**THE PROBLEM:** Could you retype the lines below, starting at the line holding "Orange B01-475mb Накладная" and stopping at the line holding "অথচ সকালটা কিন্তু", inclusive? Copy them exactly and drop the images.

**LISTED ENTRIES:**
****************************************

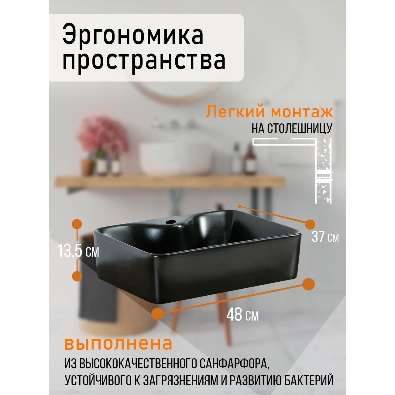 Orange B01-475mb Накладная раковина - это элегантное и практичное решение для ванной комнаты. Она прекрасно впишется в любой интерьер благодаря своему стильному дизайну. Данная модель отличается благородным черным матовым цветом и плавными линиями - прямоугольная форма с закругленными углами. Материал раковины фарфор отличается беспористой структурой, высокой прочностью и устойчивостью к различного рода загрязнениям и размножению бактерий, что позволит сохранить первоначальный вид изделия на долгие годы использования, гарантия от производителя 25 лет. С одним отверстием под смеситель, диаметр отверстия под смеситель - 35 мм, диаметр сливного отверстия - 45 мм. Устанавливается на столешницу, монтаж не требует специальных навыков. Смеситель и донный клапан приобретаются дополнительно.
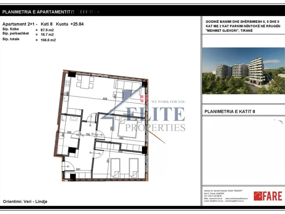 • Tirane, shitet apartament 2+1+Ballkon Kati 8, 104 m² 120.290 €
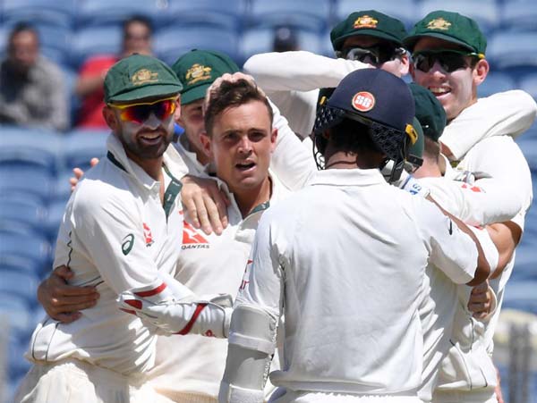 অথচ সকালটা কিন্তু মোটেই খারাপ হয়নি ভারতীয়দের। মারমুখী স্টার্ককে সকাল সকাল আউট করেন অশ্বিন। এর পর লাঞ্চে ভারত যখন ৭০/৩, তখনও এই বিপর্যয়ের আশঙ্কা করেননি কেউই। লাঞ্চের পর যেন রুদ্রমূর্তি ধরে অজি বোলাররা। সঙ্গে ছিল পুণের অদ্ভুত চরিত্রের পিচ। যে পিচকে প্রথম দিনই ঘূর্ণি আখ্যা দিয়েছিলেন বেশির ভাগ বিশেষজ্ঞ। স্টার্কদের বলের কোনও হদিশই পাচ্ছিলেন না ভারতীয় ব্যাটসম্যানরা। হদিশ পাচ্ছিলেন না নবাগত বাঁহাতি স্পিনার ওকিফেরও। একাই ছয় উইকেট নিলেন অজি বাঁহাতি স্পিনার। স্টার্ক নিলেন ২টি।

****************************************

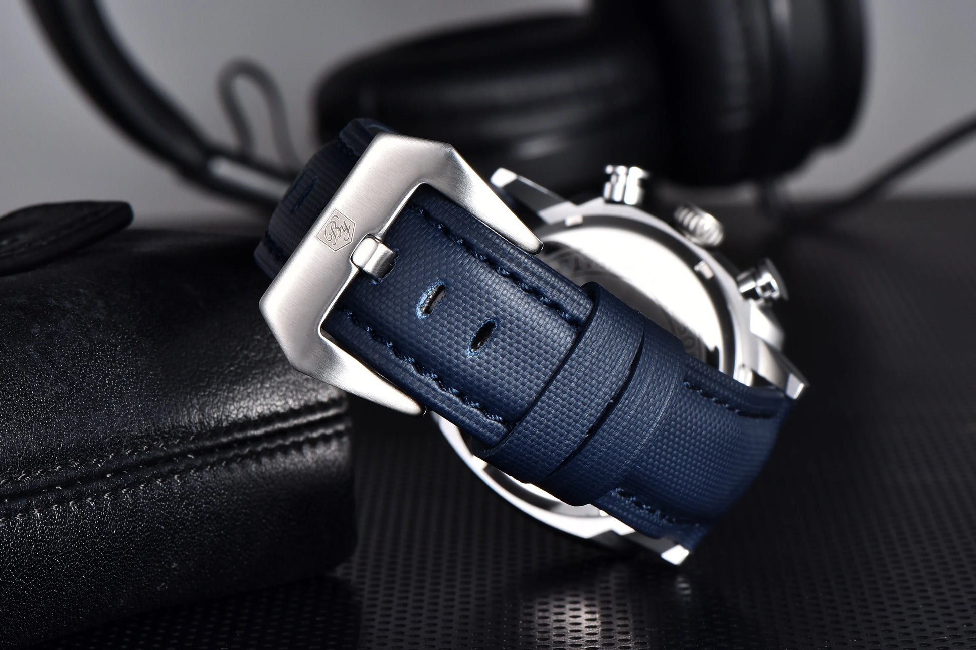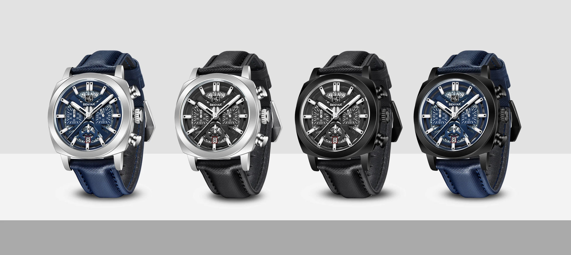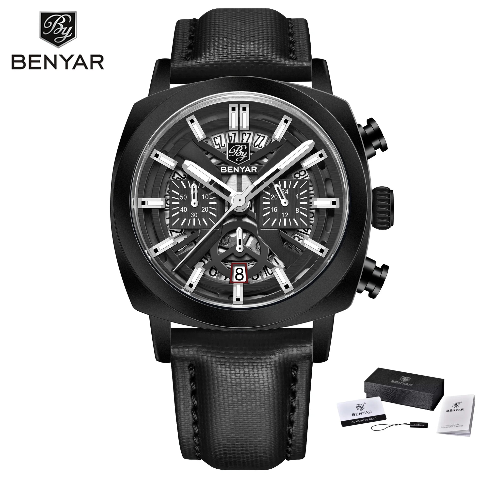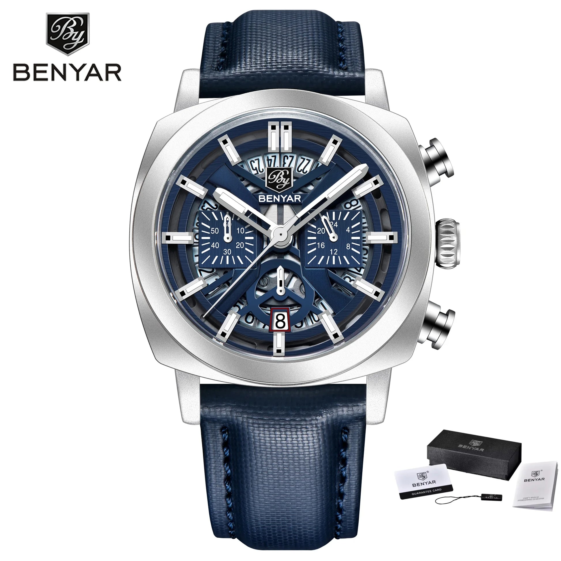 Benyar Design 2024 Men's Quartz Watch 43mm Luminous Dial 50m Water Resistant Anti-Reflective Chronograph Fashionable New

****************************************

**ANSWER SECTION:**
 Orange B01-475mb Накладная раковина - это элегантное и практичное решение для ванной комнаты. Она прекрасно впишется в любой интерьер благодаря своему стильному дизайну. Данная модель отличается благородным черным матовым цветом и плавными линиями - прямоугольная форма с закругленными углами. Материал раковины фарфор отличается беспористой структурой, высокой прочностью и устойчивостью к различного рода загрязнениям и размножению бактерий, что позволит сохранить первоначальный вид изделия на долгие годы использования, гарантия от производителя 25 лет. С одним отверстием под смеситель, диаметр отверстия под смеситель - 35 мм, диаметр сливного отверстия - 45 мм. Устанавливается на столешницу, монтаж не требует специальных навыков. Смеситель и донный клапан приобретаются дополнительно.
 • Tirane, shitet apartament 2+1+Ballkon Kati 8, 104 m² 120.290 €
 অথচ সকালটা কিন্তু মোটেই খারাপ হয়নি ভারতীয়দের। মারমুখী স্টার্ককে সকাল সকাল আউট করেন অশ্বিন। এর পর লাঞ্চে ভারত যখন ৭০/৩, তখনও এই বিপর্যয়ের আশঙ্কা করেননি কেউই। লাঞ্চের পর যেন রুদ্রমূর্তি ধরে অজি বোলাররা। সঙ্গে ছিল পুণের অদ্ভুত চরিত্রের পিচ। যে পিচকে প্রথম দিনই ঘূর্ণি আখ্যা দিয়েছিলেন বেশির ভাগ বিশেষজ্ঞ। স্টার্কদের বলের কোনও হদিশই পাচ্ছিলেন না ভারতীয় ব্যাটসম্যানরা। হদিশ পাচ্ছিলেন না নবাগত বাঁহাতি স্পিনার ওকিফেরও। একাই ছয় উইকেট নিলেন অজি বাঁহাতি স্পিনার। স্টার্ক নিলেন ২টি।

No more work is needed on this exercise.